THE HISTORY

I do air guitar. Not just in my bedroom - or even at a gig when the riffs start to involuntarily effect my arms, legs, hands and fingers drawing them into a metal salute - but on a large scale - one bigger than I could ever have imagined.

Now, whether this was the unconscious result of growing up in a bedroom next door to my brother Greg’s rock guitar obsession [he was one of the members of Ceremony along with Steve Tucker and Pat O’Brien - who you will maybe know as members of Cannibal Corpse and Morbid Angel] My brother now often guests with Disastronaut and is a DJ and a proffesional American Gigilo .

As I write, The U.K. Air Guitar Championships are on the eve of its 10th year of existence and it is wildly out of control. It seems to have entered the popular consciousness of the country so much so that everyone you meet seems to know “someone who won last year”

This bizarre pastime has developed into more than I ever intended, especially after its more than humble beginnings. The UK Air Guitar Championships were ENTIRELY accidental and this is how they came about.

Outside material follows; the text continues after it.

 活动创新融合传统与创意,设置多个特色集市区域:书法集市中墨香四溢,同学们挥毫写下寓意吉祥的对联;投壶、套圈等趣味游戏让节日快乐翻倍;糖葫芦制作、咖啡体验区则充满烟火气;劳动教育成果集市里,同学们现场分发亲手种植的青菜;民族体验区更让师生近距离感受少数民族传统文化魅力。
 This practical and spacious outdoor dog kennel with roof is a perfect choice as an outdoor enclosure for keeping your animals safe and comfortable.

In the winter 1994 I moved back to London. Then to Brighton where I opened the Brighton Cinematheque. A few months later I ended up doing shows at a small dive called The Lift above a rough pub called the Pig in Paradise which sold £1 pints and was famous for its violent pub fights. The Lift, in a former incarnation, was a Swiss-themed fondue restaurant that had a lovely fireplace, carved wood panelling and wood floor that was a magical acoustic space. Aside from the constantly complaining neighbors and the ultimately cretinous leaseholders [who eventually turned it into an empty pool hall above a vacant wine bar] The Lift was, for a moment, the best venue in the UK where bands like the Strokes - even in the year they stole the show at Reading festival - played to 250 people in a venue that officially held 60 standing / 40 seated. And Local bands like Britsh Sea Power, Electric Soft Parade [then performing as Feltro Media], The Eighties Matchbox B-Line Disaster, Electrelane, Turin Brakes, etc. used it as a home away from home.

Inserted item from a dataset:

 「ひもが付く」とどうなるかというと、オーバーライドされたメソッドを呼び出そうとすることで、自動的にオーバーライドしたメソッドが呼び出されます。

And in the Lift’s 7 year run over 2,000 bands played there with a French performance artist named Costes, Louisville’s The Rachels, Fatcat’s Him, British Sea Power and V/VM being some of the more memorable nights - as well as Anna Moulson’s Melting vinyl night - which kind of came of age there.

Now in Brighton, especially in the late summer when everyone heads for the beach on a Sunday night for the sunset - running a club in the middle of town was a chore. The regular acts - Pilote, Bonobo, DJ Dead, Mat Consume, Ziggy, etc. were a motley crew. Even they would leave for the beach eventually. So evermore I would have to invent ever more complex schemes to promote a non-happening night [Me usually DJing to 1 or 2 people] - so in the listings it might read “Naked Poetry Slam” which became a self-fufilling prophesy when people showed up stark naked or an “Ego Tanning Booth” and on one especially desperate night - “An air guitar playing contest”. And so the myth was born.